Phlebotomist: Needle Positioning « Allied Health World Blog

Phlebotomist: Needle Positioning

A common cause of a blood draw failure is improper needle position. An experienced phlebotomist is able to identify visual cues that can help to determine if a needle is correctly positioned in the vein. There are five different needle positions that can affect blood flow and impede blood collection.
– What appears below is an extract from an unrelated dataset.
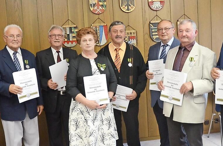 In einer Feierstunde im Rathaus verlieh Bürgermeister Rainer Detsch an sieben Persönlichkeiten die Ehrenmedaille der Gemeinde Stockheim. Sie wurden für ihr verdienstvolles ehrenamtliches Engagement au...

Bevel Against The Vein Wall

If the needle bevel is up against the upper of lower wall of the vein blood flow can be affected. The needle angle is usually the cause of this problem and can be easily fixed by changing the angle. An angle that is too shallow can cause the needle to come into contact with the upper wall; an angle that is too steep can cause the needle to come into contact with the lower wall. This commonly occurs when a needle is inserted in a bend in a vein or at a point where a vein goes deeper into the skin. Unfortunately, all of these situations are difficult to detect. A highly skilled phlebotomist will likely try to reestablish blood flow by releasing the vacuum pull on the vein and retract the needle slightly. If blood flow is not established after these modifications, the problem is likely due to the placement of the bevel and the vein wall.

Needle Too Deep

If the needle is inserted too deeply it can very easily penetrate all the way through the vein. This often happens if the needle angle is too steep, or if the tube holder is not steady as a tube is pushed onto the needle. If this occurs sometimes slightly withdrawing the needle may reestablish blood flow. A hemotoma can form if the needle position is not corrected quickly.

Needle Not Deep Enough

If a needle is not completely inserted through a vein wall, the flow of blood will be very slow. Blood flow can be improved by gently pushing the needle forward into the vein. A hematoma can also form from partial needle insertion because blood can leak from the vein into the surrounding tissue.

Needle Beside The Vein

Sometimes the needle can slip to the side of a vein instead of into the vein. This occurs more often if a vein is not anchored well with the phlebotomist's thumb during needle insertion. The needle may end up beside and under the vein. Should this occur, a phlebotomist should try and preserve the vacuum, withdraw the needle slightly, anchor the vein well, and redirect the needle into the vein. Never move the needle in a lateral direction to find a vein.

Undetermined Needle Position

Sometimes the position of a needle can not be determined visually and the phlebotomist will have to use her finger to relocate the vein. Once the vein is relocated, the needle should be relocated into it.